• [ACTIVITY]
The answer should be an exact repeat of the stretch of material below from the line containing "Nous créerons des" through the line containing "Jamaica Shaded Relief".

:: INFORMATION GIVEN ::

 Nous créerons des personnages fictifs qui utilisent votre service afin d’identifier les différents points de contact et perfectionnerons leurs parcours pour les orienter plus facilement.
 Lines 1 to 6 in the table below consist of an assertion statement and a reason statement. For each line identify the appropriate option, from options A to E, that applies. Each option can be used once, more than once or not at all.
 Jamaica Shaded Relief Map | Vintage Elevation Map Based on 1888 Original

:::
:: INFORMATION GIVEN ::

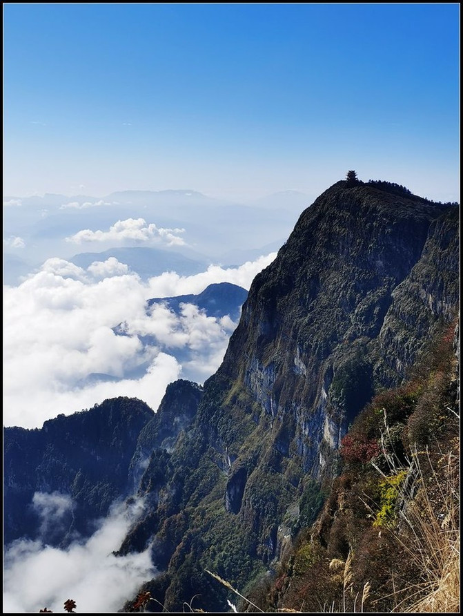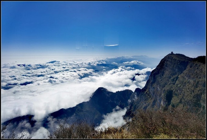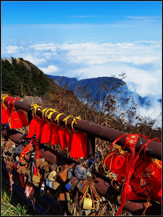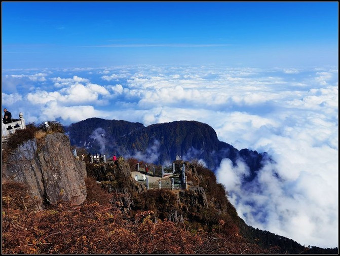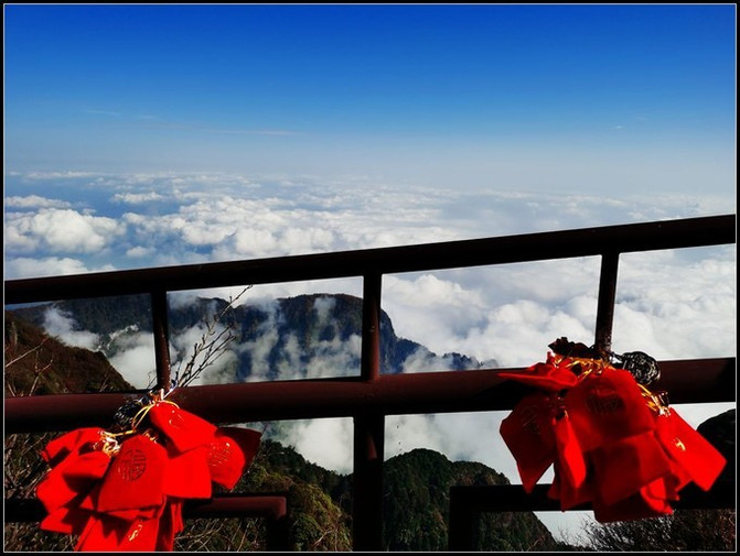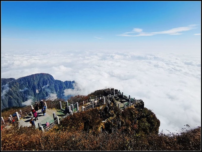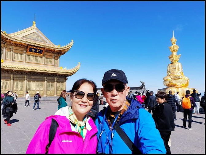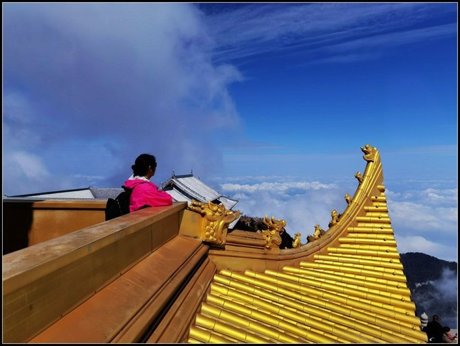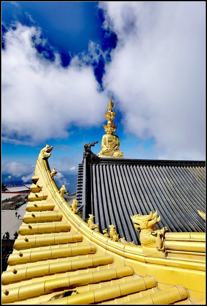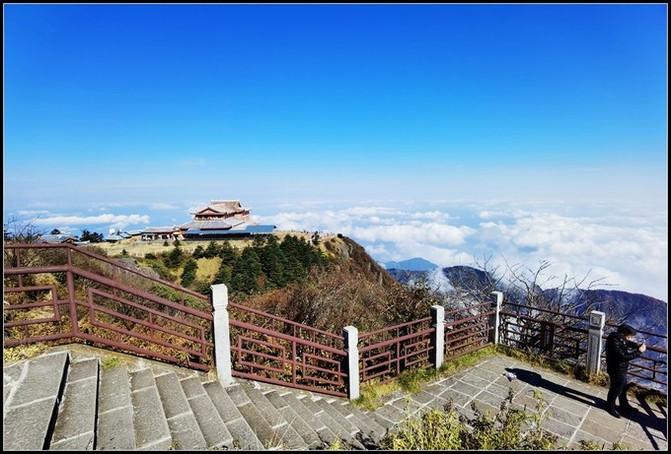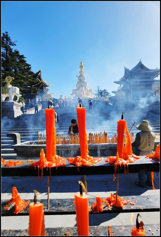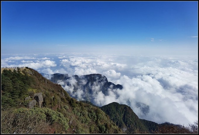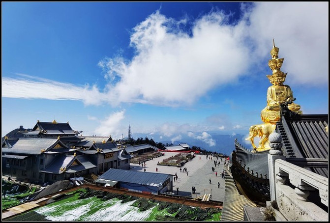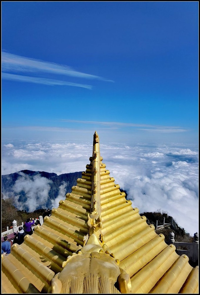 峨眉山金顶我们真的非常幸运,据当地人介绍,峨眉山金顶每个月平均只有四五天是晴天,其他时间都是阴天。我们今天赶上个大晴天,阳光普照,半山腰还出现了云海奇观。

:::
:: INFORMATION GIVEN ::

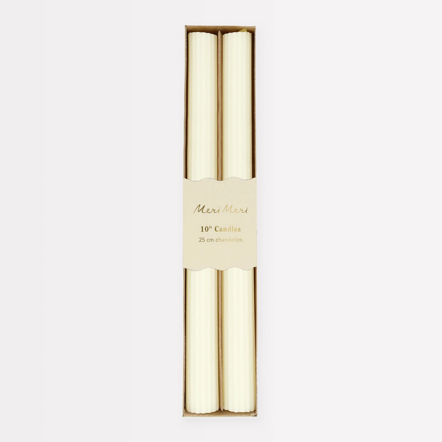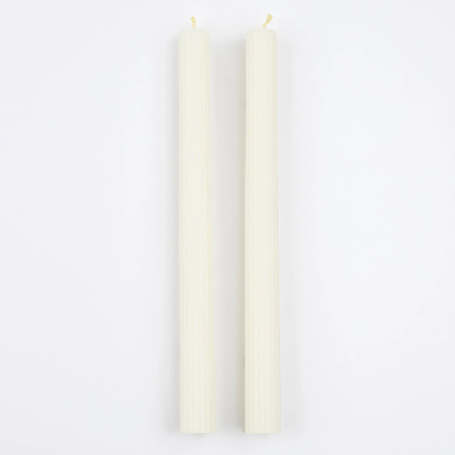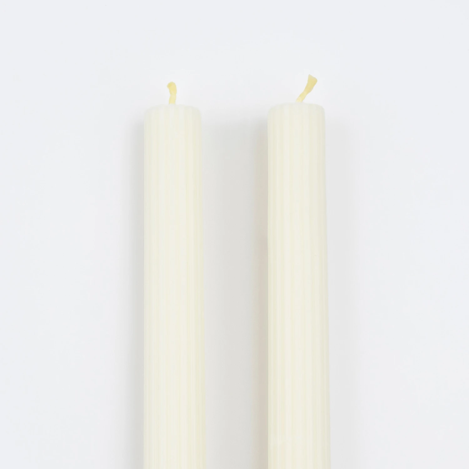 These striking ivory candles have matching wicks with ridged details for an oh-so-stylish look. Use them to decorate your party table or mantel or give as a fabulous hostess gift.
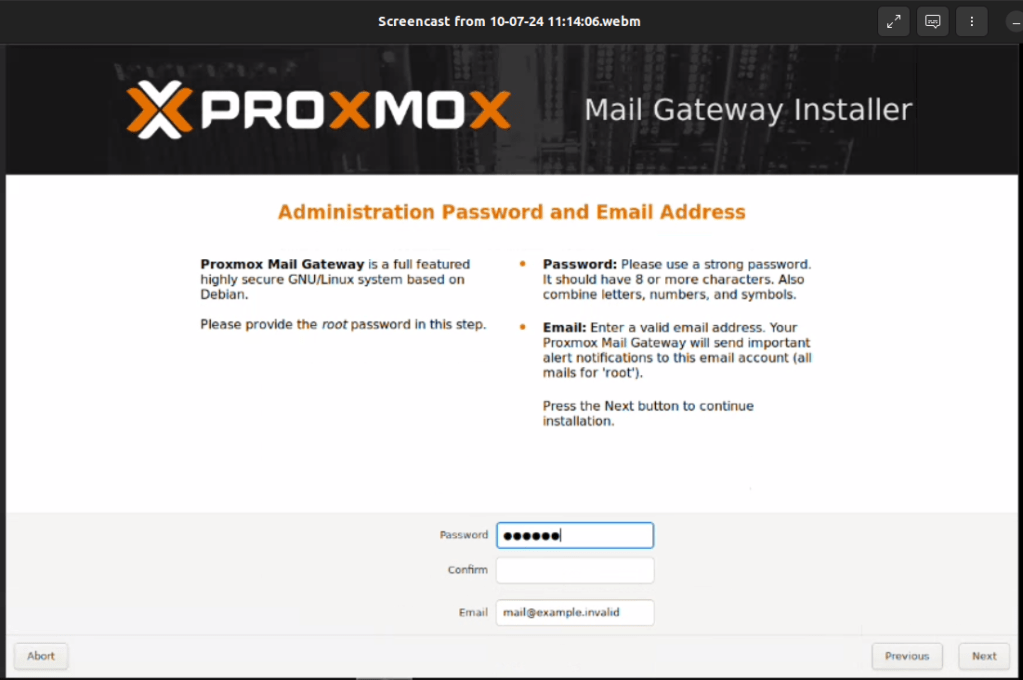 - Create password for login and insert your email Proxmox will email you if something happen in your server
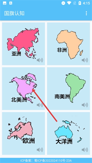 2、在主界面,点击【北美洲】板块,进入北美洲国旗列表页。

:::

• [RESULT FOR THIS EXERCISE]
 Nous créerons des personnages fictifs qui utilisent votre service afin d’identifier les différents points de contact et perfectionnerons leurs parcours pour les orienter plus facilement.
 Lines 1 to 6 in the table below consist of an assertion statement and a reason statement. For each line identify the appropriate option, from options A to E, that applies. Each option can be used once, more than once or not at all.
 Jamaica Shaded Relief Map | Vintage Elevation Map Based on 1888 Original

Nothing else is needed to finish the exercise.